> **YOUR INSTRUCTIONS**
With the pictures left out, copy the listing below exactly.

> **RECORDS TO PROCESS**
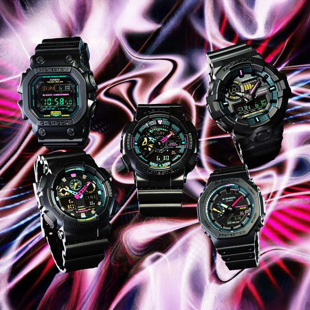 飾以螢光色彩的強悍G-SHOCK手錶將大膽的黑色與鮮豔的色彩融為一體。
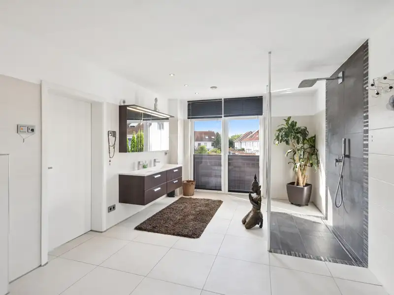 Another highlight awaits you on the top floor, where the spacious living ambience continues. Enjoy the luxury of two of the bedrooms with en-suite bathrooms. The master bathroom in particular offers plenty of space for comfort and relaxation. A generous bathtub is the focus of your attention and promises relaxing moments! The floor-level shower and double washbasin complete the feel-good offer.
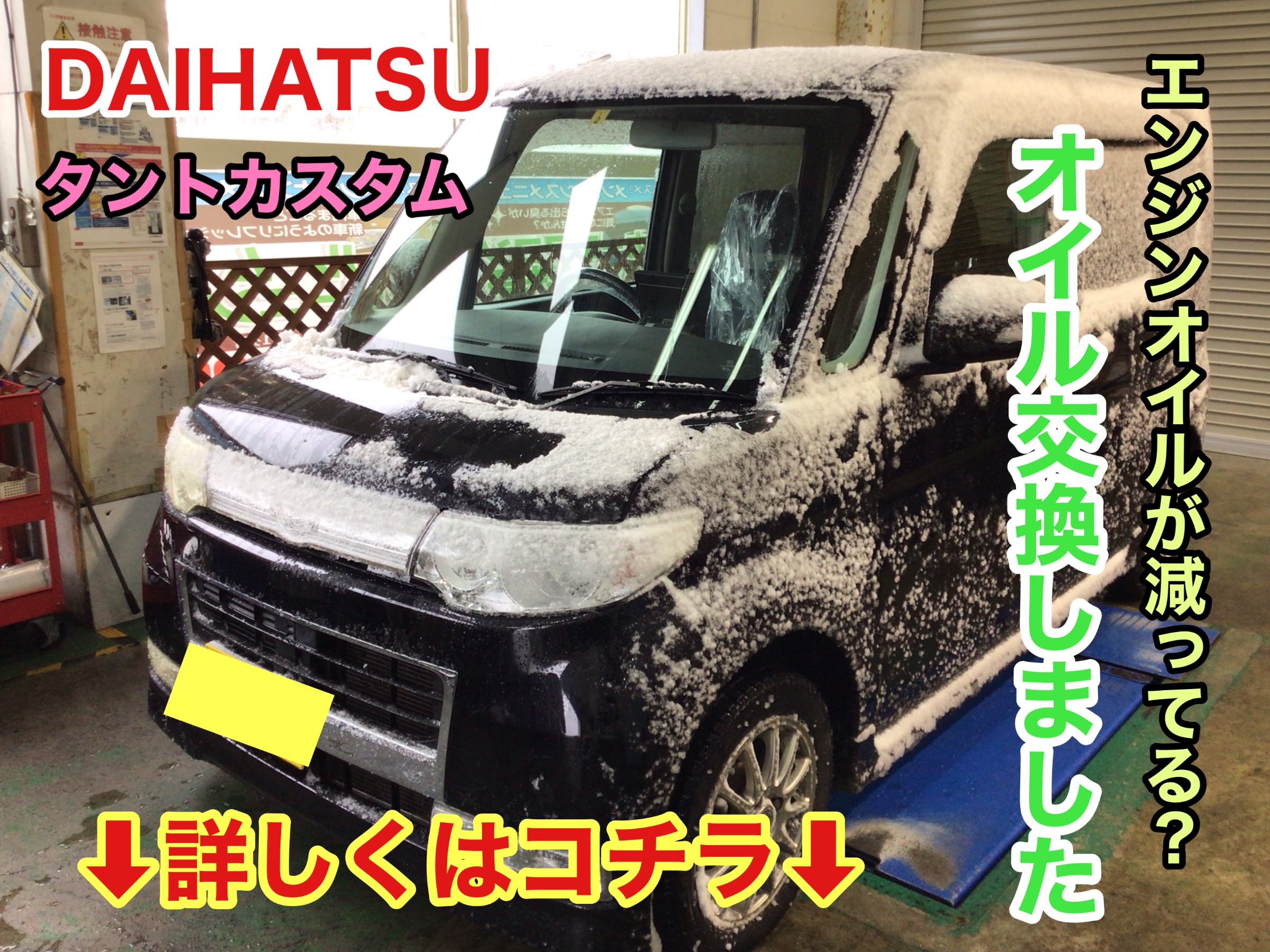 ダイハツのお車のエンジンオイル減り増えています。【ダイハツ タントカスタム】オイルしました〜
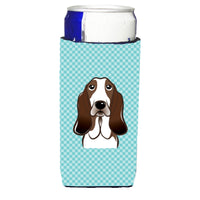 Checkerboard Blue Basset Hound Ultra Hugger For Slim Cans
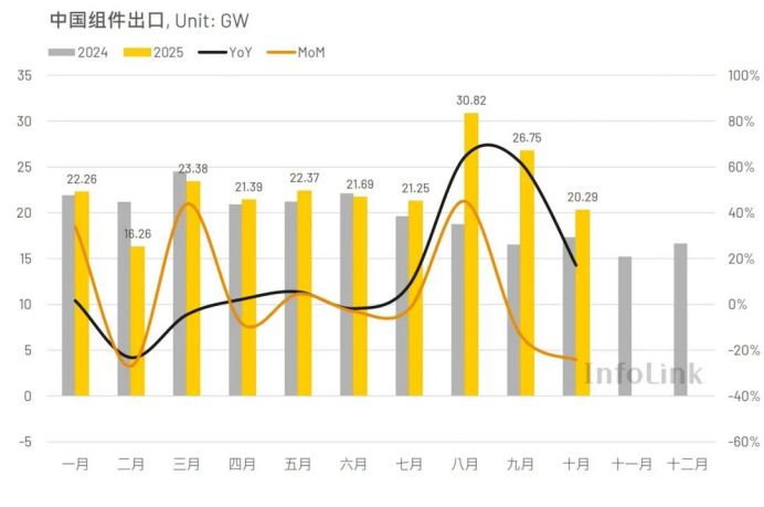 此外,出口退税政策的调整,还引发了企业的“抢出口”行为,短期内在一定程度上提振了组件需求。Infolink数据显示,2025年7-10月,在出口退税取消的预期下,国内组件出口量已出现明显上涨,海外市场形成了一定的库存,但2026年开年政策正式落地后,企业仍在抓紧最后的窗口期抢出口,短期需求的增加进一步强化了组件涨价预期。

> **ANSWER AREA**
 飾以螢光色彩的強悍G-SHOCK手錶將大膽的黑色與鮮豔的色彩融為一體。
 Another highlight awaits you on the top floor, where the spacious living ambience continues. Enjoy the luxury of two of the bedrooms with en-suite bathrooms. The master bathroom in particular offers plenty of space for comfort and relaxation. A generous bathtub is the focus of your attention and promises relaxing moments! The floor-level shower and double washbasin complete the feel-good offer.
 ダイハツのお車のエンジンオイル減り増えています。【ダイハツ タントカスタム】オイルしました〜
 Checkerboard Blue Basset Hound Ultra Hugger For Slim Cans
 此外,出口退税政策的调整,还引发了企业的“抢出口”行为,短期内在一定程度上提振了组件需求。Infolink数据显示,2025年7-10月,在出口退税取消的预期下,国内组件出口量已出现明显上涨,海外市场形成了一定的库存,但2026年开年政策正式落地后,企业仍在抓紧最后的窗口期抢出口,短期需求的增加进一步强化了组件涨价预期。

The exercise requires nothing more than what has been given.